You exhaled slowly and stayed where you were.
A moment later the door opened and Narumi stepped out. He saw you immediately, and then Kafka just behind you. He didn't say anything. His eyes met yours — a brief, even look, long enough to land — and then he turned and walked away down the corridor.
You watched him go.
Then you glanced back at Kafka.
The ceremony had undone him somewhat — you'd seen it, the way grief moved across his face in unguarded moments, honest and unperformed in the way Kafka was honest about most things whether he intended to be or not. But standing here now he looked different. The grief was still there underneath, but what sat on top of it was something quieter and considerably more dangerous. Set. Pointed inward at something he hadn't finished with yet.
He met your eyes and didn't say anything. He didn't need to.
You offered him a small smile — not the kind that asked anything of him, just the kind that said go — and he returned it briefly, then turned. Kafka's footsteps picked up pace down the corridor in the direction Narumi had gone.
You stood alone in the quiet hallway and let the silence settle around you.
She was okay.
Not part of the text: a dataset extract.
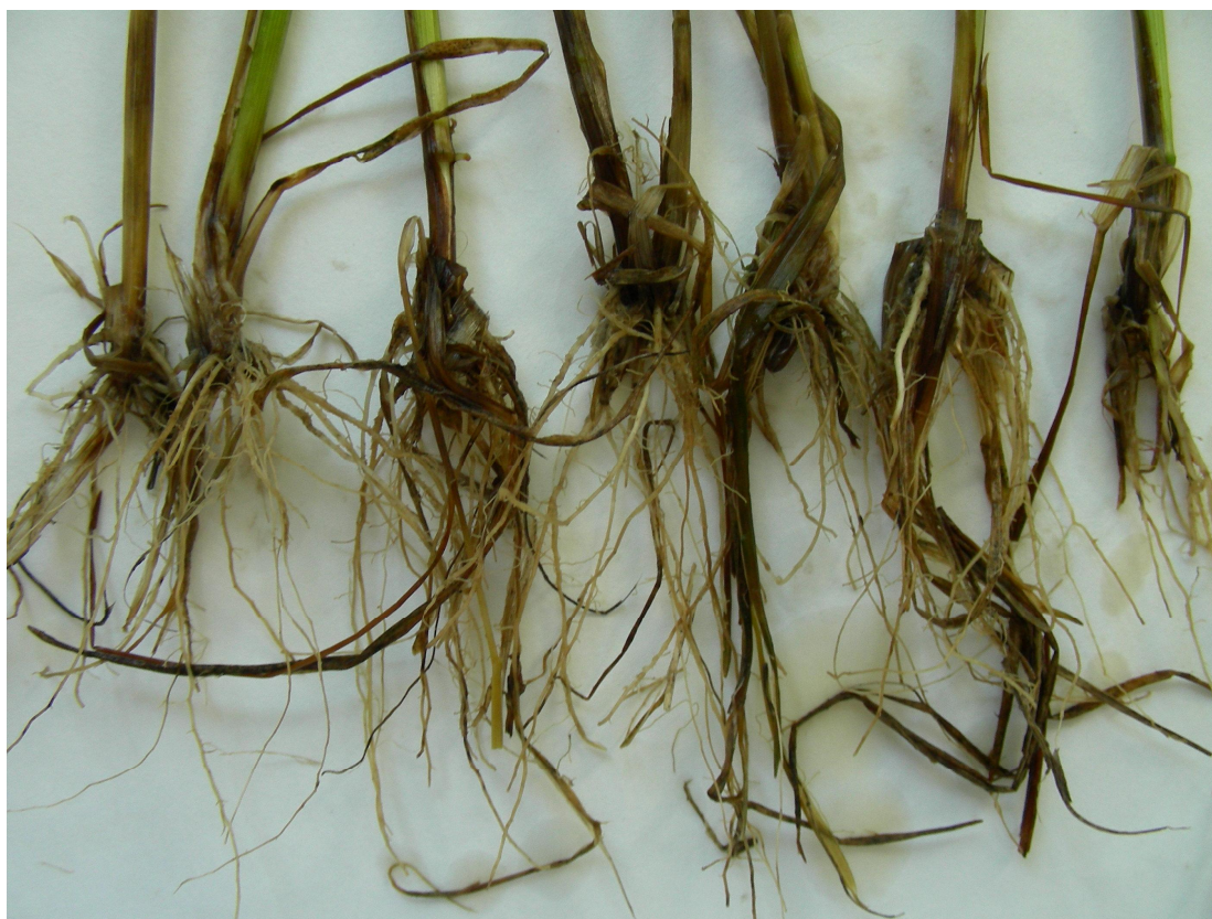
Рисунок 2. Поражение корневой системы грибами из рода Fusarium .

Нормальное функционирование корневой системы растений озимой пшеницы на первых этапах онтогенеза зависит от степени поражения корневыми гнилями. Мониторинг возбудителей корневых гнилей показал, что в годы исследований они были в основном представлены микромицетами из рода Fusarium (рисунок 2).

Not unbroken — that wasn't the right word for it and probably wouldn't be for a long time — but she was okay in the way that mattered right now. Oriented. Facing the right direction.
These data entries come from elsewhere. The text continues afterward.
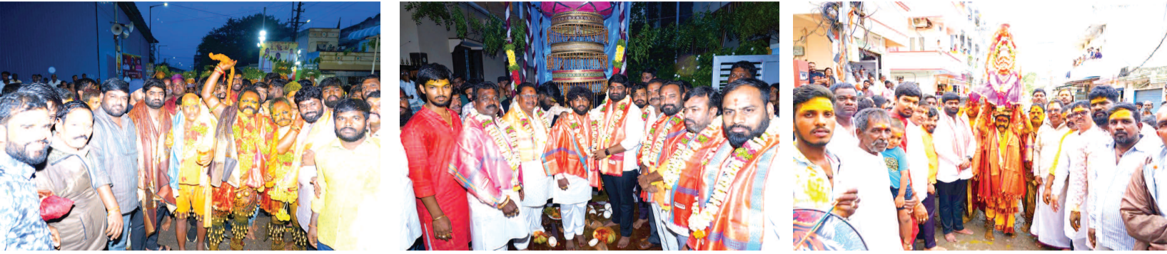
లక్ష్మీ గూడలో బోనాల ఉత్సవాలు
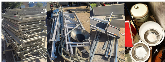
正在回收的旧物多种多样

天无弃物，垃圾是放错了地方的资源，利用旧物就是节能减排的善行善举，从自己做起，优待旧物，节约资源，保护环境，为子孙留下碧水蓝天。
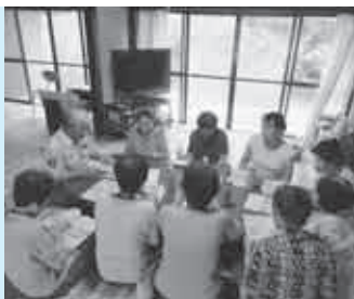
「いきいきサロン高龍寺」宮城県での救援活動のお話もつかがいました
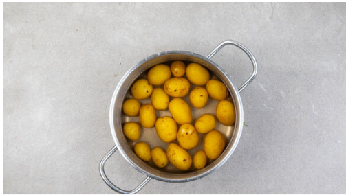
1. Kartoffeln kochen

Energie 1055kcal, Fett 45.7g, Kohlenhydrate 118.7g, Eiweiß 40.1g
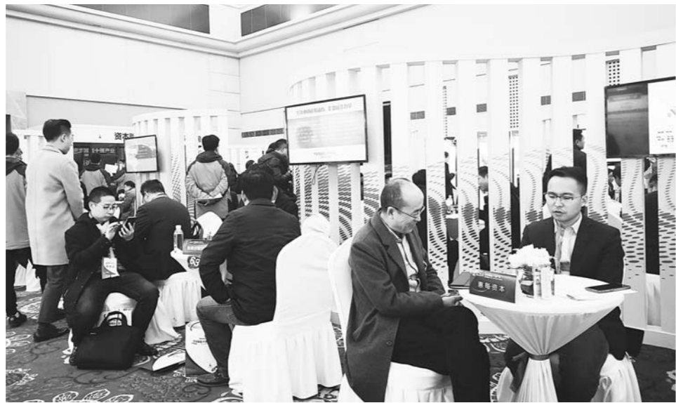
在山东“十强”产业资本对接活动上，不少创业者前来找资本、找资源。

破”。这需要调整投资结构进行调整，建立多层次的资本市场体系，其中必然涉及大力拓展直接融资渠道，但现在一个误区是，一说提高企业直接融资比重，各地就容易将其等同于公司上市或者企业挂牌。“实际上，这样的只能是少数相对成熟的优质企业。”中国投资协会副会长沈志群

Kikoru Shinomiya had taken the worst thing and turned it into something she could carry forward, and she had done it faster and with more clarity than most people managed, and you were not surprised, and it still struck you somewhere unguarded to witness it.
She was stronger than you. You thought that simply and without envy, just as a plain fact.
You turned and walked back down the corridor, through the building, out into the pale afternoon light.
Your car was where you'd left it at the edge of the base lot — somehow intact, having stayed just outside the emergence zone. You'd found it still parked near the restaurant from that night, driven it back yourself in the aftermath when the roads had cleared enough to allow it.
You crossed to it without hurrying. Got in and sat for a moment with your hands in your lap.
You didn't start the engine right away.
For the past few days you had been keeping everything at a careful distance — your own fear, your own grief, the particular texture of what it had felt like to be at the bottom of that hole with the air running out and no certainty that anyone was coming. You had set it aside because there had been someone who needed you to, and that had been reason enough.
But Kikoru was okay. Kafka was moving. Narumi was — whatever Narumi was, he was handling it.
There was no one left who needed you to hold it together now.